───── Recorded data

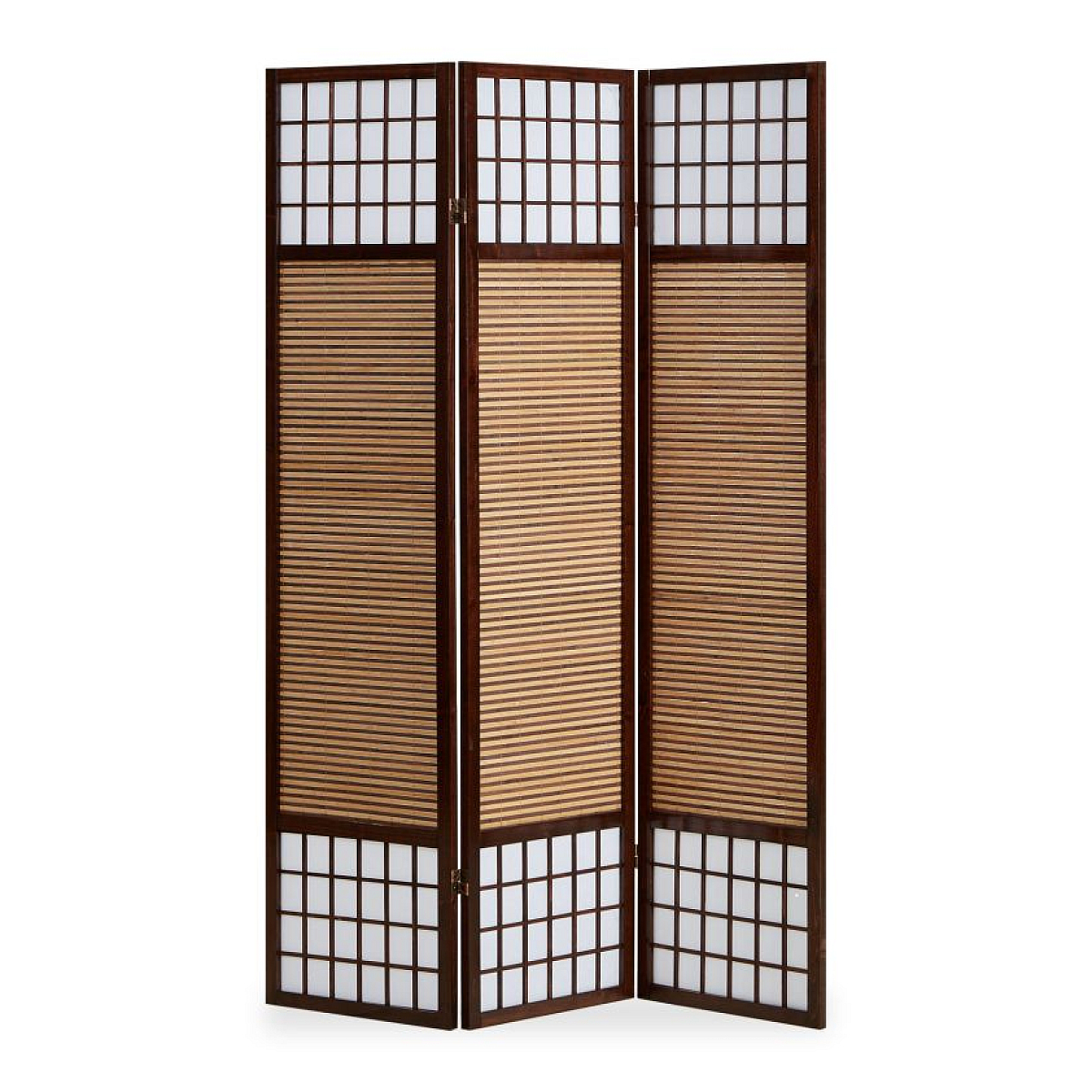 Détails du produit: 3-panneaux Paravent pliant et planter légère charnière bidirectionnelle Matériaux et couleurs: bois encadrement en brun foncé papier du riz en blanc et bambou Dimensions: Hauteur: 175 cm Largeur: 132 cm Profondeur: 2,2 cm Largeur par panneaux 44 cm
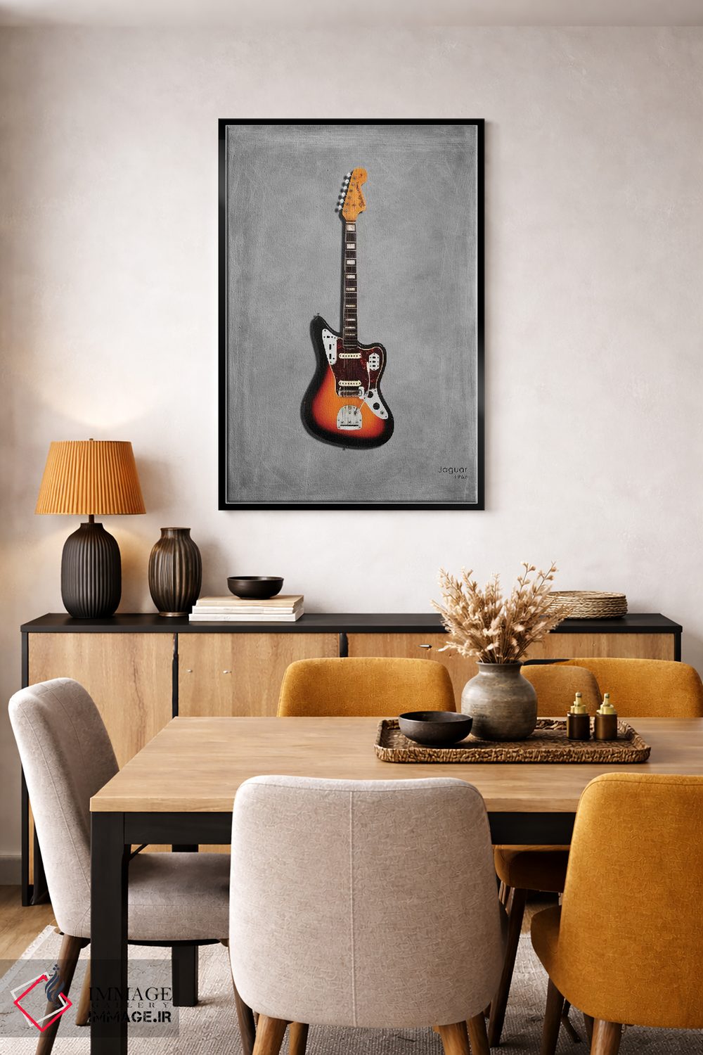 براساس پالت گرم اثر، قاب تیک گرم (چوبی) پیشنهاد اول است و مشکی مات (فریم متوسط) مکمل. برای سفارشهای پروژهای با ابعاد و قابهای اختصاصی با ایماژ در تماس باشید.
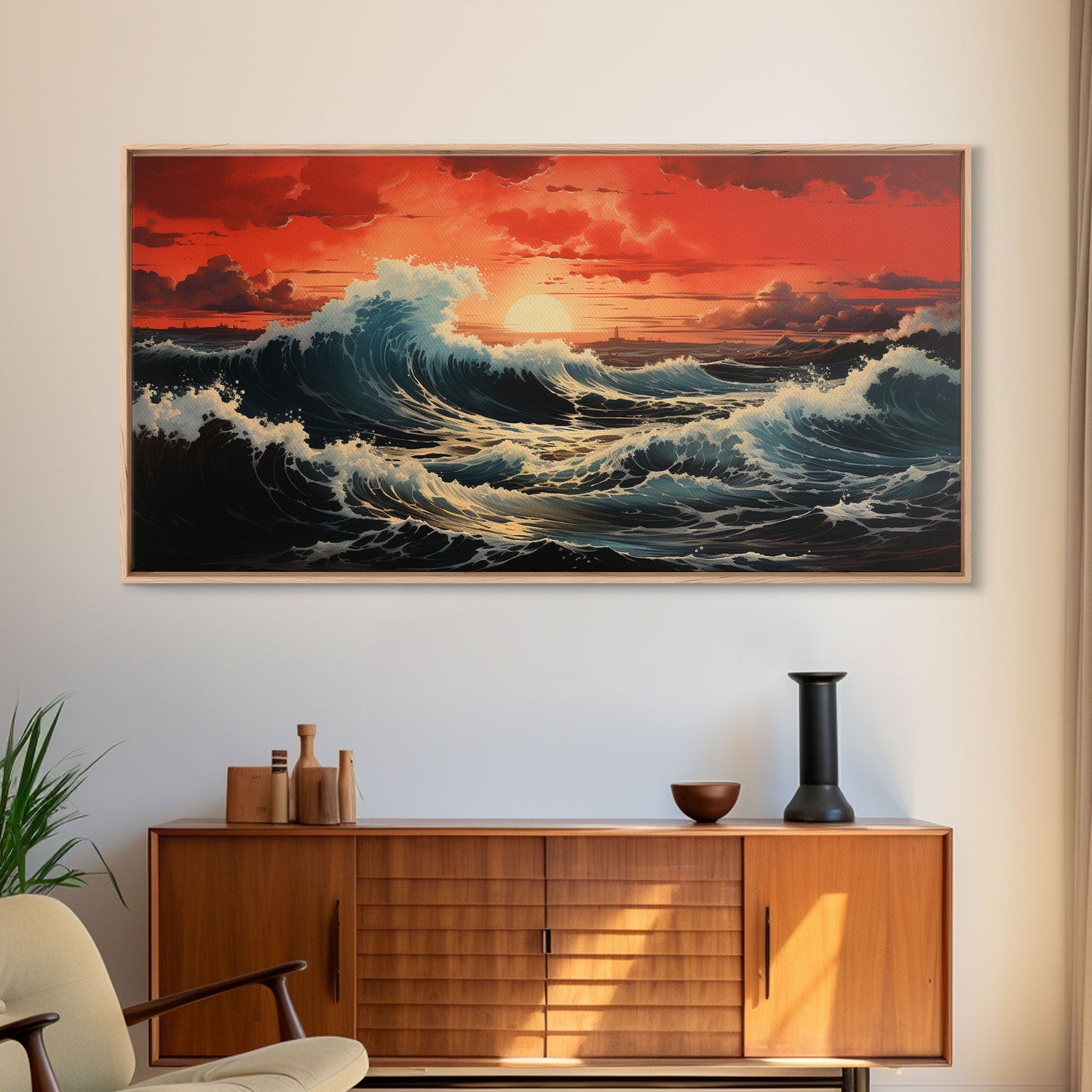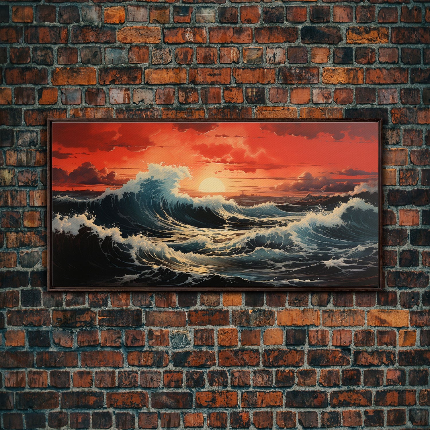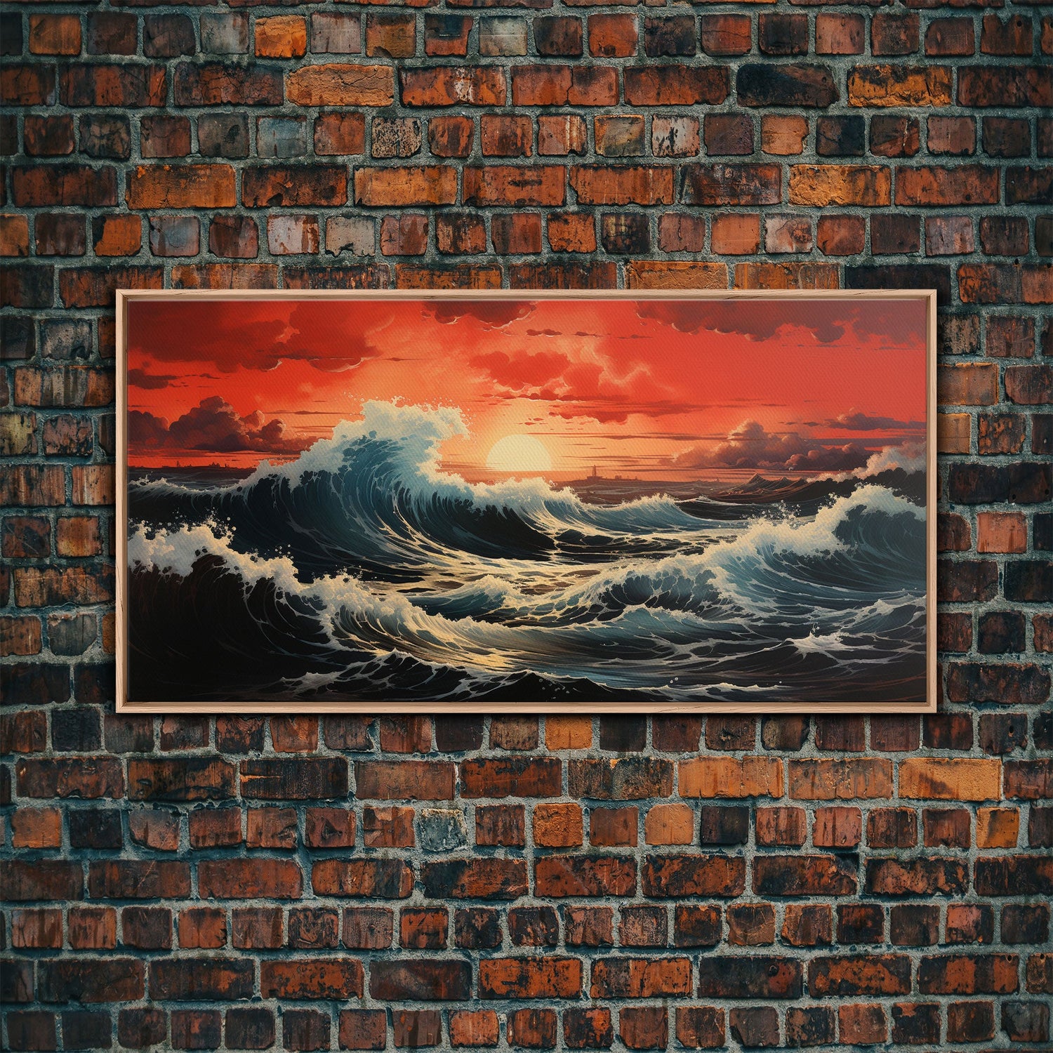 Sunset Wall Art, Ocean Art Print, Seascape Wall Art, Panoramic Art, Wall Art, Canvas Art, Landscape Art, Wedding Gift, Apartment Wall Art
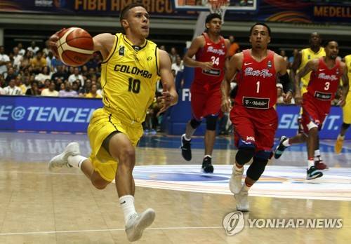 epa06165716 Colombia's Hansel Atencia (L) controls the ball during a match of the Americup 2017 between Colombia and Puerto Rico in Medellin, Colombia, 26 August 2017. EPA/LUIS EDUARDO NORIEGA A.
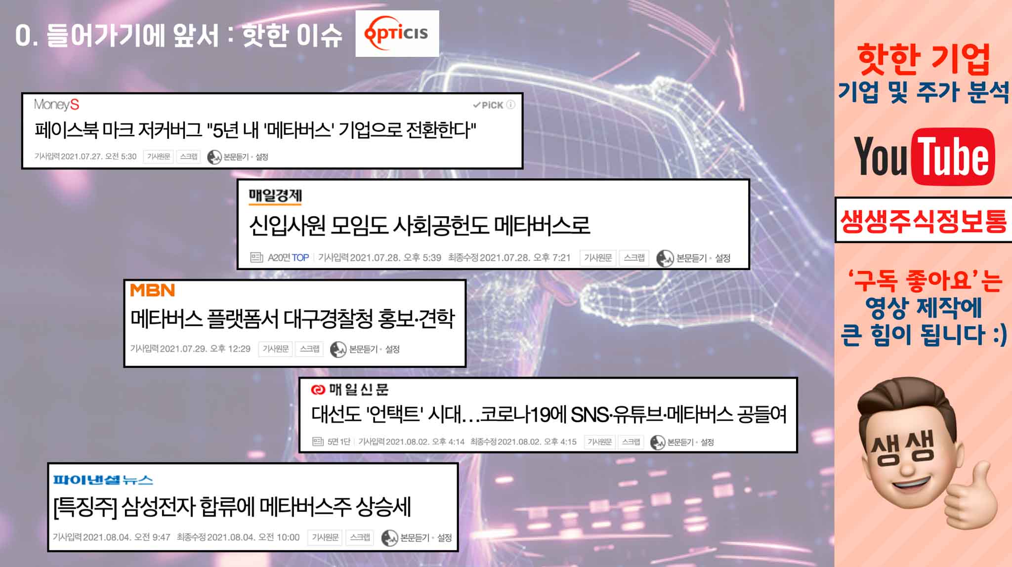 지난주 메타버스 관련주 맥스트가 상장하면서, 그리고 페이스북의 메타버스 기업 선언과 함께 옵티시스도 많이 올랐었는데 오늘은 삼성전자까지 메타버스에 뛰어들 것이다! 라고 하면서
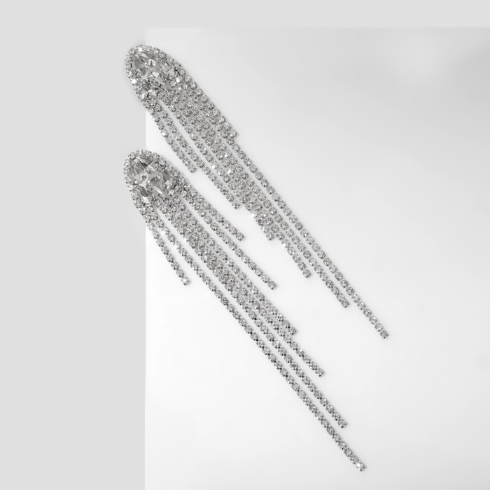 Серьги висячие со стразами «Голливуд» нити на кристаллах, цвет белый в серебре, 15 см - товар, который Вы можете приобрести в нашем интернет-магазине. Заказ могут оформить как юридические, так и физические лица. Бесплатная доставка по Астане, также, отправляем по РК.
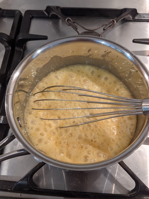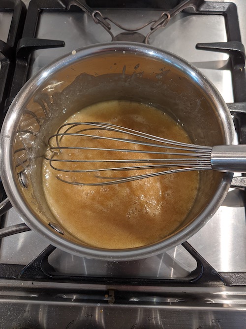 - Combine all ingredients in a heavy based saucepan and simmer over low heat, whisking constantly for about 5 minutes or until thickened. Keep in mind that the sauce will thicken when it cools.
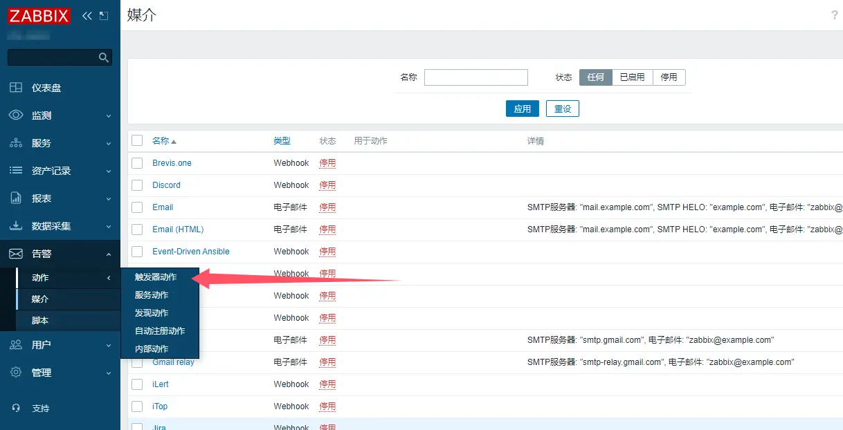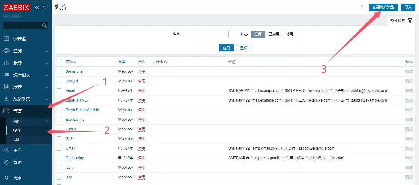 重启zabbix server服务,登录zabbix web控制台添加告警媒介配置。

──────────

**Task to complete:** What is needed is an exact copy of every line from the one with "지난주 메타버스 관련주" to the end of the listing above, with the pictures left out.

**Written response:**
 지난주 메타버스 관련주 맥스트가 상장하면서, 그리고 페이스북의 메타버스 기업 선언과 함께 옵티시스도 많이 올랐었는데 오늘은 삼성전자까지 메타버스에 뛰어들 것이다! 라고 하면서
 Серьги висячие со стразами «Голливуд» нити на кристаллах, цвет белый в серебре, 15 см - товар, который Вы можете приобрести в нашем интернет-магазине. Заказ могут оформить как юридические, так и физические лица. Бесплатная доставка по Астане, также, отправляем по РК.
 - Combine all ingredients in a heavy based saucepan and simmer over low heat, whisking constantly for about 5 minutes or until thickened. Keep in mind that the sauce will thicken when it cools.
 重启zabbix server服务,登录zabbix web控制台添加告警媒介配置。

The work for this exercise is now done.